Neither party addresses the
position of individual respondent Gregory Frank Laetsch, but the court
allows the joinder of the individual into the arbitration proceedings, as
applicable. (JSM Tuscany, LLC v. Superior
Court (2011)
193 Cal.App.4th 1222, 1237; Crowley
Maritime Corp. v. Boston Old Colony Ins. Co. (2008) 158 Cal.App.4th
1061, 1070 [Under equitable estoppel, a party cannot avoid participation in
arbitration, where the party received “a direct benefit
under the contract containing an arbitration clause…”]; Boucher v.

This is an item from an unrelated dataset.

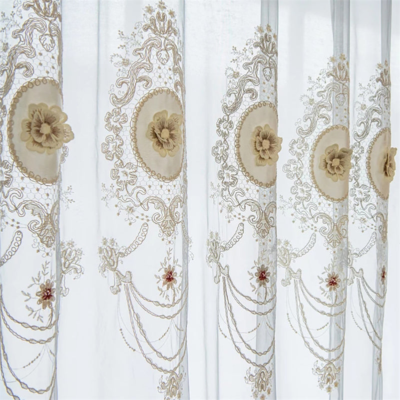 Vintage Embroidery Tulle Blackout Noble Sheer Curtain for Living Room Bedroom Window Decor Custom 2 Panels Drapes Breathable Voile

Alliance Title Co, Inc. (2005) 127 Cal.App.4th 262, 271).)
The court
therefore orders the case to FINRA arbitration first, and stays the JAMS
arbitration pending completion of the FINRA proceeding. Upon completion of the
FINRA arbitration, the parties will commence the JAMS arbitration. Nothing in
this order invites a second review by JAMS to reconsider any positions
determined by FINRA, but the JAMS arbitrator may consider any potential
crossover issues as necessary for resolution of the employment claims with the
intention of avoiding a conflicting ruling. No motion to confirm or challenge
the arbitration award will be considered during the stay of the FINRA
proceeding and until after the completion of BOTH arbitration proceedings
(FINRA and JAMS). The entire action will be stayed pending the completion of
all arbitrations.
Respondents to give notice to all parties.